Task item:
A single number is the answer here: how many lines of the entries contain "with"?

Top of Supplied material

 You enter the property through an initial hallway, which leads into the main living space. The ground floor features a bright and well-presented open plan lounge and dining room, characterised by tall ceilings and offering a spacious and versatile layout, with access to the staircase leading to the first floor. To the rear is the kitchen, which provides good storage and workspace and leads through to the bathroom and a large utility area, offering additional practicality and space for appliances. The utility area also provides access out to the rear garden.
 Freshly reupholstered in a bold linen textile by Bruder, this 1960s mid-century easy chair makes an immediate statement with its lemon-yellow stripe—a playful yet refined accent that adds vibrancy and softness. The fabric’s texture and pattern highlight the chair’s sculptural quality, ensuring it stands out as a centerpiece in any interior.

Bottom of Supplied material
Top of Supplied material

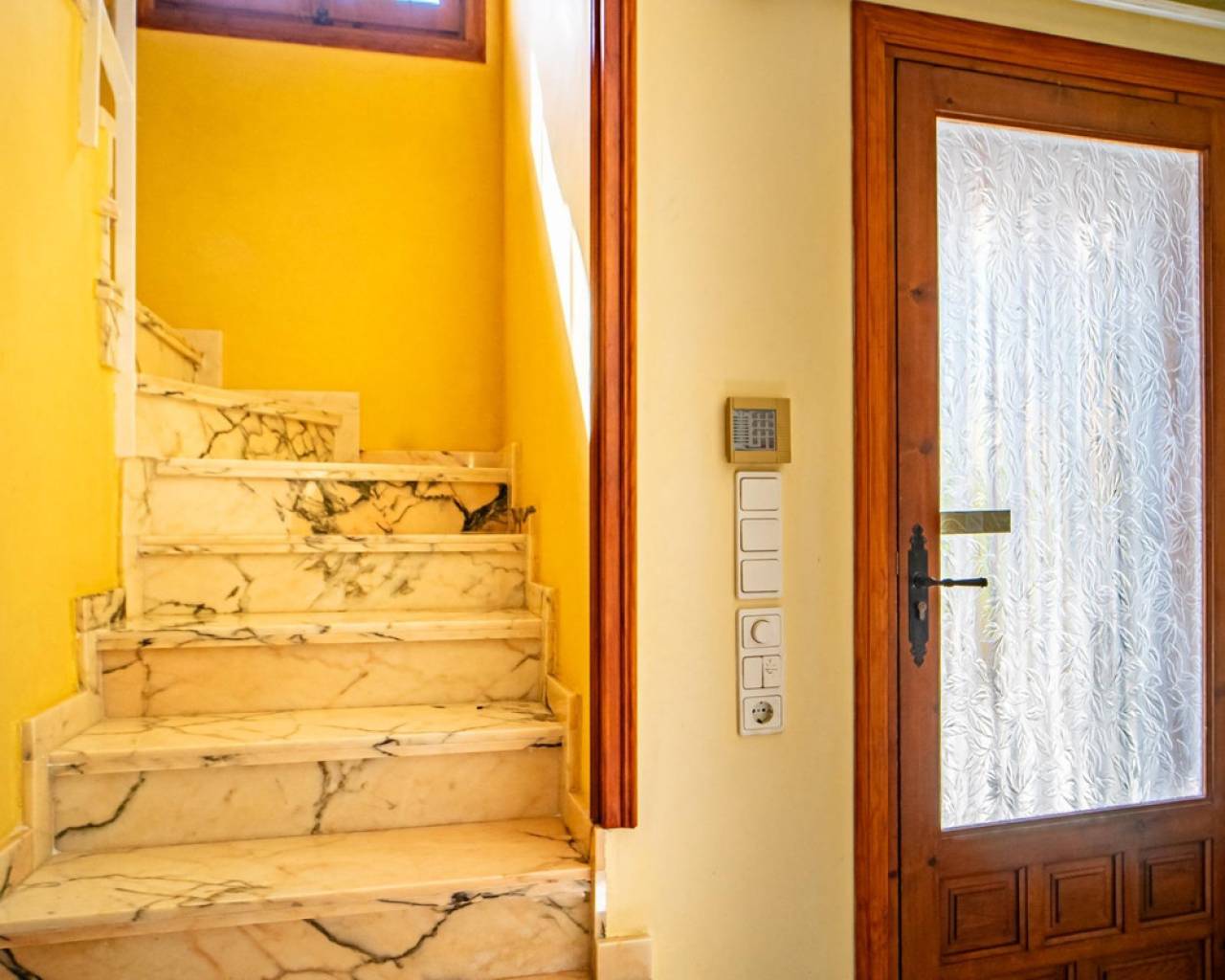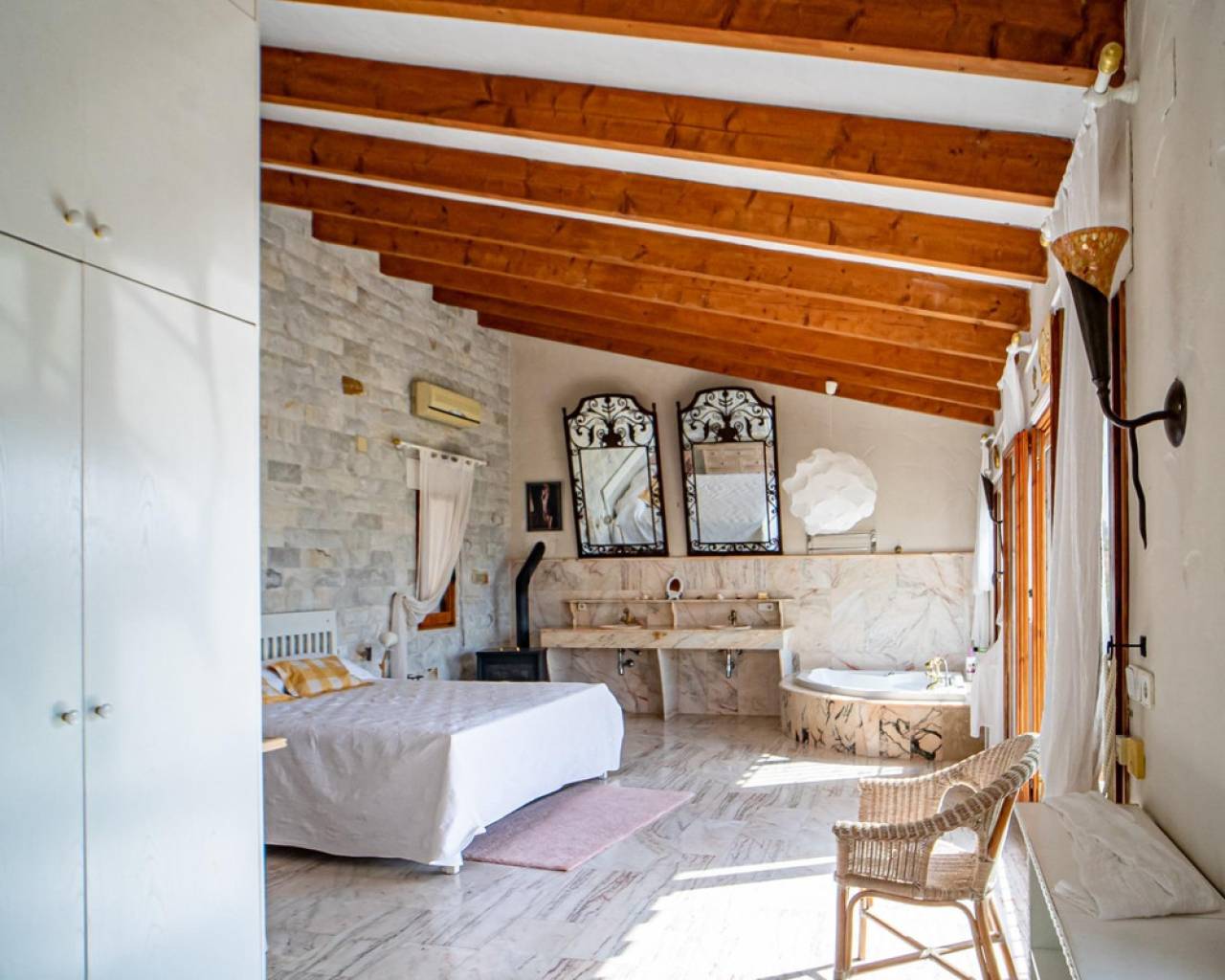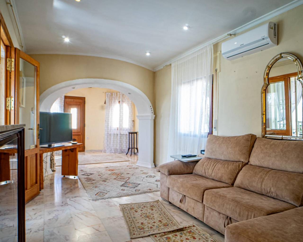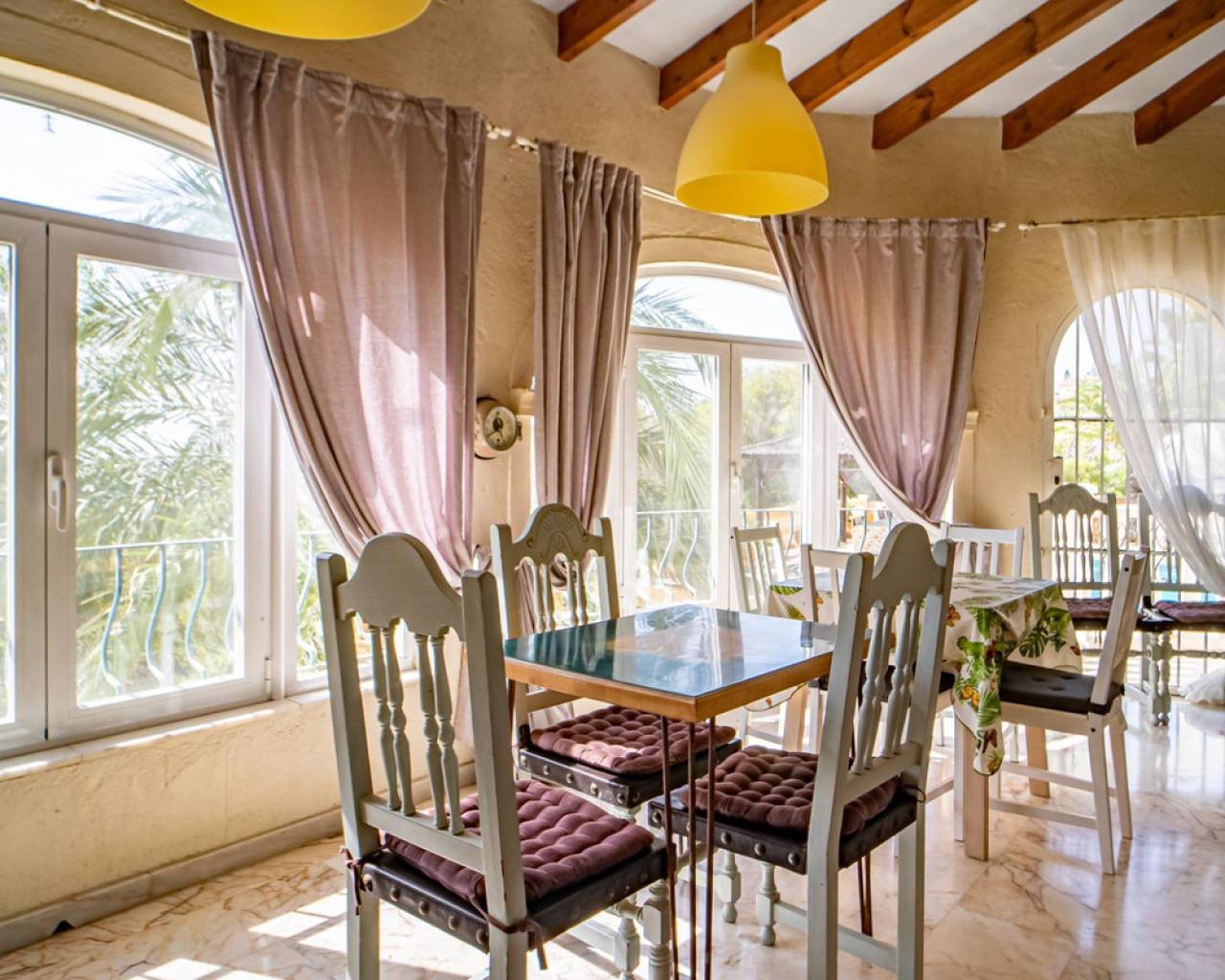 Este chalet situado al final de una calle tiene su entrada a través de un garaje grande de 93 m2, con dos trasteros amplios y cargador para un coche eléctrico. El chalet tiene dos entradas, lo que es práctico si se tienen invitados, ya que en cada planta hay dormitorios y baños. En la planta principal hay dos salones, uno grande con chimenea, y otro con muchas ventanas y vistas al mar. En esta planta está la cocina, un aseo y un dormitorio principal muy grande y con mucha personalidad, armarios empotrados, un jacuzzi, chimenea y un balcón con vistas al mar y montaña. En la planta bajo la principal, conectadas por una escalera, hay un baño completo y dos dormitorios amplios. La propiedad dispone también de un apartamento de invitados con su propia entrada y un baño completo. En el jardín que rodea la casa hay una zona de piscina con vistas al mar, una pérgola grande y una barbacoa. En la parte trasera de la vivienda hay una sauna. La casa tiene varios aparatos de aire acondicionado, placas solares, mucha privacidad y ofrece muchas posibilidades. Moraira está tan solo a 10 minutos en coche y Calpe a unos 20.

Bottom of Supplied material

Task answer:
2